By contrast, a speech that eventually proves successful uses the “subjunctive” but never the “optative”. I renamed subjunctive as oblique, despite its difference from the BH oblique modality. The latter is used in a subordinate clause which relies for acceptance on the specific or general truth of a main clause – which is a connection to the use of subjunctive in conditionals. The oblique in Greek is an action for which there is no evidence that it will happen or did happen, but which is highly likely; the epistemic is for something the speaker is less certain happened. This replaces the confusing concept of “future more/less vivid” and applies outside of conditionals.

When you realize that the oblique is an action that hasn’t necessarily happened (yet), you notice that the conjugational endings for the “aorist subjunctive” (imperfective eventive) are identical to endings for imperfective conceptual (formerly known as “future tense”). Moving that conjugation to the conceptual flavor makes conjugations more regular.

I did not relabel passive voice because I discovered anti-passive structures in Thucydides. Passive structures use a nominative noun as the logical object of an intransitive verb. Anti-passive structures use the grammatical object of one verb as the logical subject of another, which is an impersonal gerundive. The grammatical object that is in the accusative case is the basis of the claim in old grammars that “the subject of an infinitive is in the accusative case.” Anti-passives simplify expression by avoiding a change in case.

Then I came across a structure that used a nominative noun, a second aorist verb conjugated in executive voice, and an animate agent in the phrase hupo X. The second aorist verb is intransitive. This turns out to be an ergative structure. It was required in Hurrian, which has no passive morphology, for intransitivity. It is different from a passive structure because it does name an agent. The ergative is a middle ground in transitivity between a full passive (available only in -mai verbs and in the imperfective of non-mai verbs) and an executive voice (available only in non-mai verbs) in a transitive structure with an agent in nominative and an object in an oblique case. It turns out that there are five or six such structures in Book I of Peloponnesian War. I should probably rename “second aorist” as “intransitive imperfective eventive”.

These conclusions were all the more satisfying because they consist of sets of threes:
Aspect – imperfective, progressive, perfective
Definiteness – conjugation, personal gerundive, impersonal gerundive
Certainty – indicative, oblique, epistemic
Voice – passive, base, executive
Transitivity structures – passive, ergative, transitive
Overall verb classes – non-mai, -mai, and suppletive

The anti-passive as well as the ergative structure are found in the Hurrian language. Another analogy to Hurrian is what old grammars call the cognate accusative. The old grammars disagree with each other on a definition; they also disagree with the definition for Latin by Allen and Greenough. Lack of a consistent definition suggests there is no such thing.

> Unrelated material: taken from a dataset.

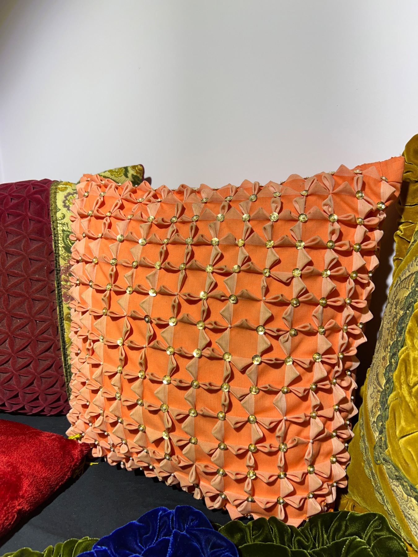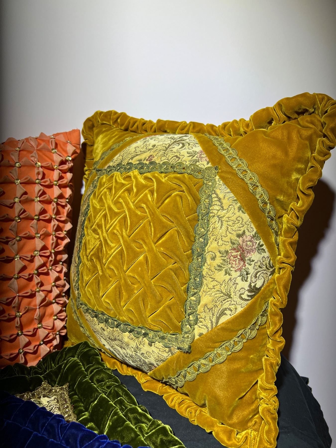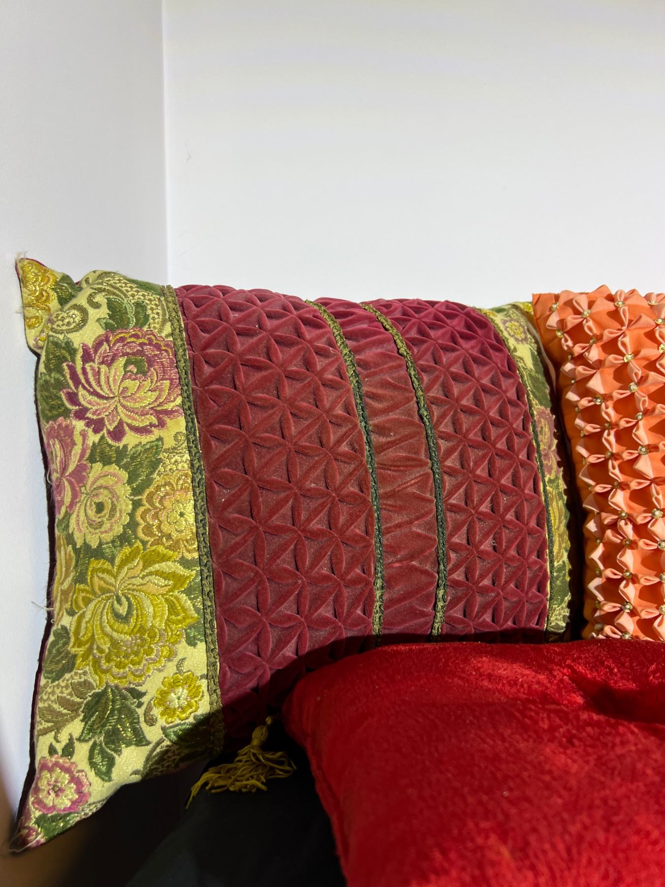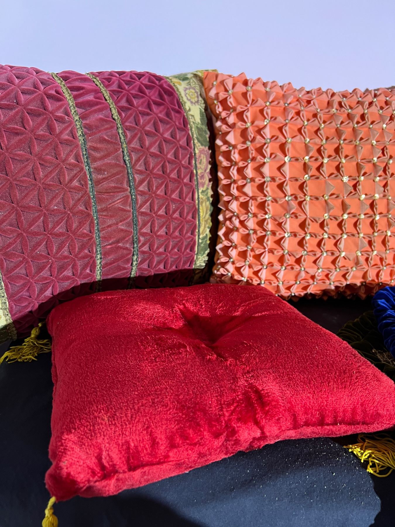Includes four pillows and two covers, The covers are 16x16", the largest pillow is 19x14"

Instead I would substitute something else in Hurrian, the Adverbial Equative case or more properly structure. This would be two occurrences of the same verb in different forms, one having adverbial effect. Biblical Hebrew has an adverbial equative structure although it is rare; Burton’s translation of Arabian Nights makes it seem as if this structure is endemic in Arabic. A similar structure occurs on Greek poetry and rhetoric; I found it in plays and in Demosthenes.

Greek scholars in the 21st century are not strangers to aspect. It has been taught in Europe for decades, according to a correspondent of mine. Some American scholars are inching toward it but don’t quite realize that, being more successful at explaining prose usage, it ought to be substituted for tense in grammars; that is an example of the Test of Occam’s Razor. At any rate, the simplification of grammar, the coordination with the 21st century description of all languages, and the debunking of some old grammatical claims, are certainly worth a look, even if you have been reading Greek for decades.

And if you haven't, you have until Tuesday to learn the Greek alphabet.